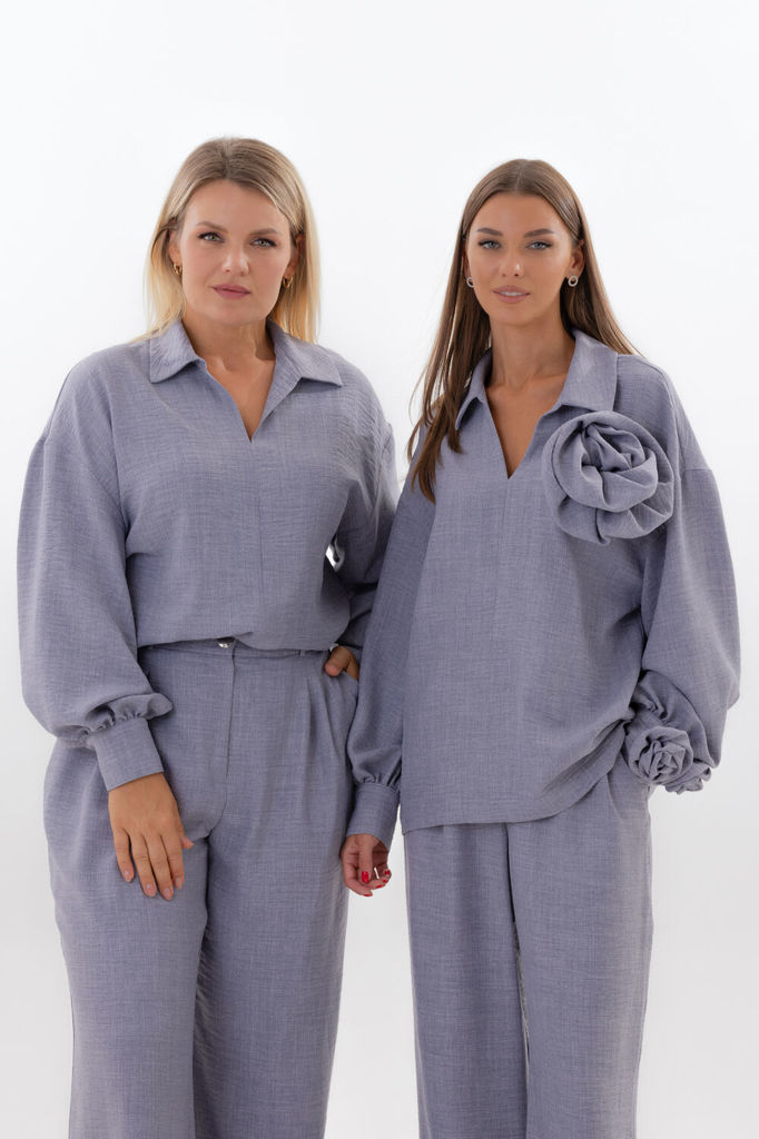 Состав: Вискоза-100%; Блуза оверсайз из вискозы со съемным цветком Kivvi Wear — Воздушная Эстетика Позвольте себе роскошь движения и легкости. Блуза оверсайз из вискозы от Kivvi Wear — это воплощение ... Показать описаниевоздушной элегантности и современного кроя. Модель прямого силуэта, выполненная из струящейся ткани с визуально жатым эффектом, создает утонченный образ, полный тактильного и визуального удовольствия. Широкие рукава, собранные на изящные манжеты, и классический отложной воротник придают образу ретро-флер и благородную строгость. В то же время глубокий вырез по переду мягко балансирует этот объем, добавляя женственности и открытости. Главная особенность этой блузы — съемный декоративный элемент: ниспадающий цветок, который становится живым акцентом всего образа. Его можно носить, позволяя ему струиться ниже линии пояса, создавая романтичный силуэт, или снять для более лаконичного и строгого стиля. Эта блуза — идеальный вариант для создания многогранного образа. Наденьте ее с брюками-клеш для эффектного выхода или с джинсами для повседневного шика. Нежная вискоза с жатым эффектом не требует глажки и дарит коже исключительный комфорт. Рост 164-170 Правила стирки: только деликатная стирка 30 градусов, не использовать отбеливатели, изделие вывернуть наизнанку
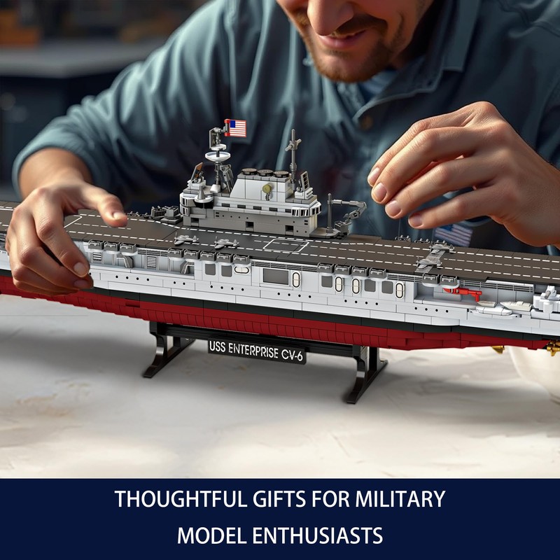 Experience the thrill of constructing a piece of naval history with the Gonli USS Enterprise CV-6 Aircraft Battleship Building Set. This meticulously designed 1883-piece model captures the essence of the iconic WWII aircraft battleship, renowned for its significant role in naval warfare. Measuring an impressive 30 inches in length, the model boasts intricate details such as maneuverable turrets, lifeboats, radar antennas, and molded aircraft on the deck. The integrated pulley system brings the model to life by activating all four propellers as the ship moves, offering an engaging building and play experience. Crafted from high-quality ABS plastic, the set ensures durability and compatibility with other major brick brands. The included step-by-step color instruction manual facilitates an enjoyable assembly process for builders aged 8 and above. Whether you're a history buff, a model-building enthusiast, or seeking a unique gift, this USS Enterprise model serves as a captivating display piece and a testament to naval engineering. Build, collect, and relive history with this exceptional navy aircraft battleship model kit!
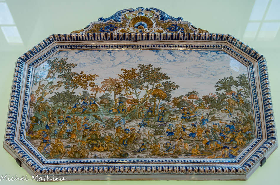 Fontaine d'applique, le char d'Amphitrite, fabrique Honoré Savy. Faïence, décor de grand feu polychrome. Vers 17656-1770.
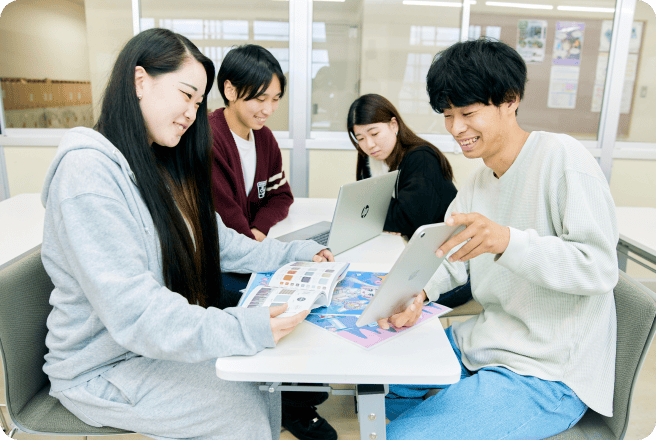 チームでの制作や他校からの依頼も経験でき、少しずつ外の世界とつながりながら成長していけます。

##########

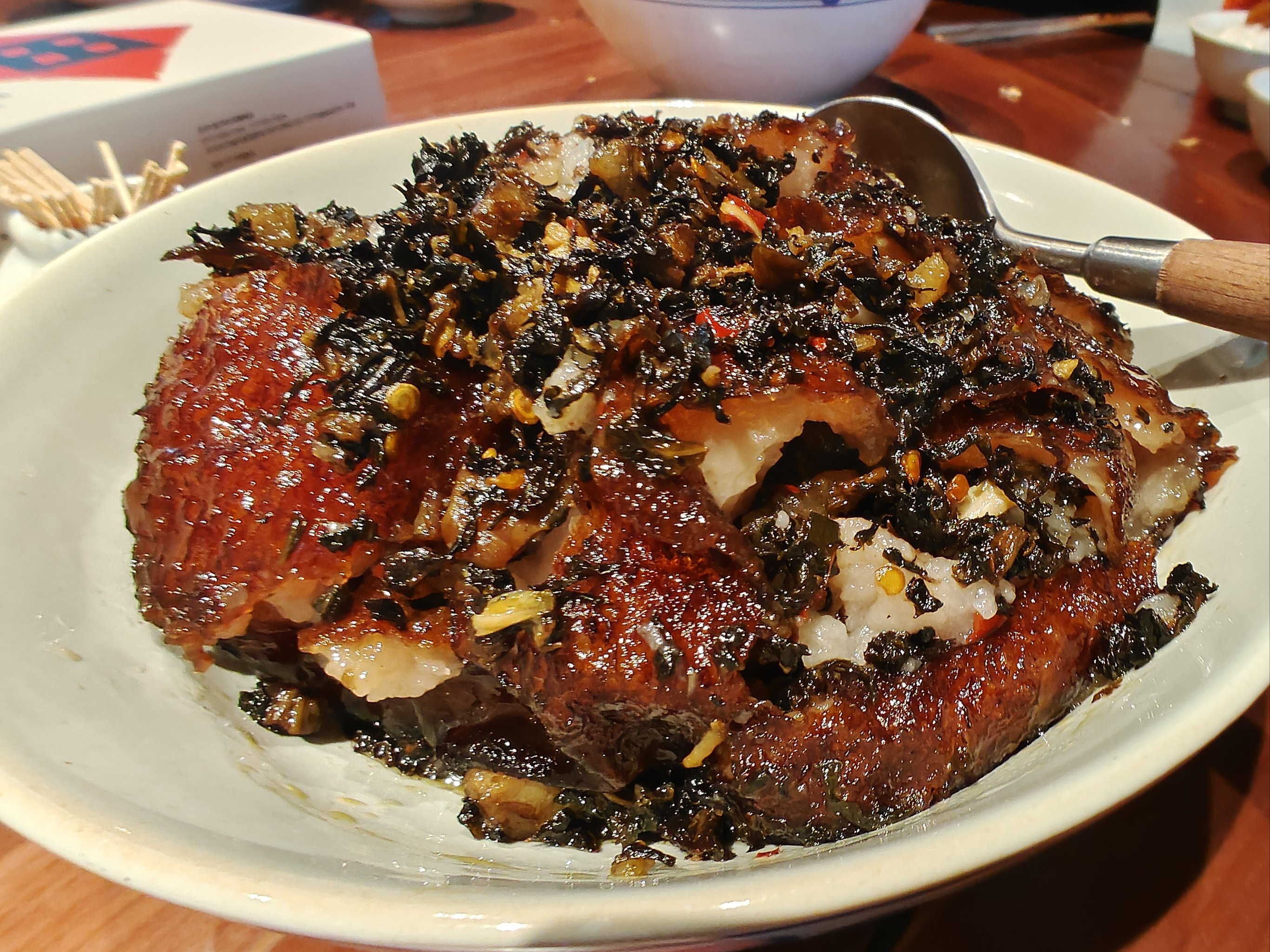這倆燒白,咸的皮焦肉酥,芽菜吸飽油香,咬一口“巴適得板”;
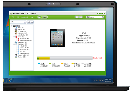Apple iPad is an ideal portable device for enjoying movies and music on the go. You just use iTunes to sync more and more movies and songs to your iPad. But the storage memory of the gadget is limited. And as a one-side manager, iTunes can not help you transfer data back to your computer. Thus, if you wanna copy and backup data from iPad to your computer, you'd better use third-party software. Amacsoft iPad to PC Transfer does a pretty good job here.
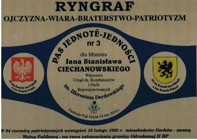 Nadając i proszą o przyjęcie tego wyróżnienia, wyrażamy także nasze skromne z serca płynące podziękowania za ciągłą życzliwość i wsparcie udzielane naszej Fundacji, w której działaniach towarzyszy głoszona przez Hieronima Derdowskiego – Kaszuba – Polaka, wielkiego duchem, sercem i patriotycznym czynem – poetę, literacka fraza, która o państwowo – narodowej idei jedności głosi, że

##########

◆ Task directions ◆
Only the lines above from the one containing "Apple iPad is" through the one containing "Nadając i proszą" should be returned, verbatim and inclusive, with pictures excluded.

◆ Your solution ◆
Apple iPad is an ideal portable device for enjoying movies and music on the go. You just use iTunes to sync more and more movies and songs to your iPad. But the storage memory of the gadget is limited. And as a one-side manager, iTunes can not help you transfer data back to your computer. Thus, if you wanna copy and backup data from iPad to your computer, you'd better use third-party software. Amacsoft iPad to PC Transfer does a pretty good job here.
 Nadając i proszą o przyjęcie tego wyróżnienia, wyrażamy także nasze skromne z serca płynące podziękowania za ciągłą życzliwość i wsparcie udzielane naszej Fundacji, w której działaniach towarzyszy głoszona przez Hieronima Derdowskiego – Kaszuba – Polaka, wielkiego duchem, sercem i patriotycznym czynem – poetę, literacka fraza, która o państwowo – narodowej idei jedności głosi, że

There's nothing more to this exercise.